The above example of the checkout page of Myntra shows that there are three steps- BAG, ADDRESS, and PAYMENT. Each stage is highlighted so that as the users proceed in the flow, they know which stage they’ve reached and can review their order.

Display the right visual hierarchy

Visual hierarchy helps the users in two ways- it gives them the clarity on the items they are buying and it gives them control over their actions. When done right, visual hierarchy helps users understand what needs their attention.

For example- if they need to review their order or if they need to proceed to the payment page.

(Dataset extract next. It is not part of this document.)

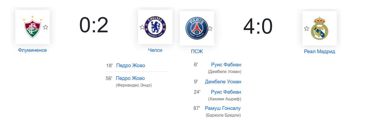 Привет всем. На клубном чемпионате мира определены финалисты сезона 2025 года. В первом полуфинале Клубного чемпионата мира между собой сразились бразильский «Флуминенсе» и английский «Челси». Европейский коллектив смог добыть уверенную победу над южноамериканским, в каждом из таймов по разу поразив ворота соперника. Автором дубля в стане лондонцев стал новичок Жоао Педро, отличившийся на 18-й и 56-й минутах. Дубль Жоао Педро принёс «Челси» победу над «Флуминенсе» со счетом 2:0. Подопечные Энцо Марески смогли пробиться в финал, где им предстоит сыграть против сильнейшего в паре «ПСЖ» (Франция) - «Реал» (Испания). Во втором полуфинальном матче Пари Сен-Жермен разнёс «Реал». Подопечные Луиса Энрике не испытали особых проблем с командой Хаби Алонсо и отгрузили в её ворота четыре безответных мяча. В составе победителей дублем отметился Фабиан Руис. Также голами за действующих чемпионов Франции отметились Усман Дембеле и Гонсалу Рамуш (4:0). Как сообщил после матча Луис Энрике, его лично по

Visual hierarchy can also be used to attract the user’s attention to some promotional offer (eg- free shipping on orders over $X) or to motivate them to check out an interesting offer which can be clubbed with their existing one.

For example- in the screenshot below, the “bank offer” is highlighted so that users who are eligible (and interested) can look at it and decide whether they want to use it or not.

Keep the form fields minimal and clear

Designing forms that result in better conversations is an art. The number one principle that you need to keep in mind while designing forms is- don’t ask for unnecessary information.

For example, in the screen below, the payment form is precise and it helps users fill out the card details in the same sequence as they appear on the card. All payment options are listed in the left navigation menu and in case the user is unable to remember the card details, (s)he can use the other options.

The labels are correctly placed and they help the user enter the right information in the right input field. Apart from that, the security marks on the right-hand side (‘verified by VISA”) leave a positive impact on the user and they are assured of their money going in the right hands.

However, there is one more aspect which can be taken care of in this particular interaction. When I enter the card number (I entered an incorrect one), it didn’t show me any error.

Instead, it allowed me to move ahead in the journey. It was only after clicking on “make payment” that it showed me the error message on the top of the form. That too, incorrect. The error message is misleading and I can’t spot a “red” field anywhere.

A better approach is to handle errors on the go. It’s possible to validate the card number as soon as users enter it. So, why not make them aware of their mistake right when they make it?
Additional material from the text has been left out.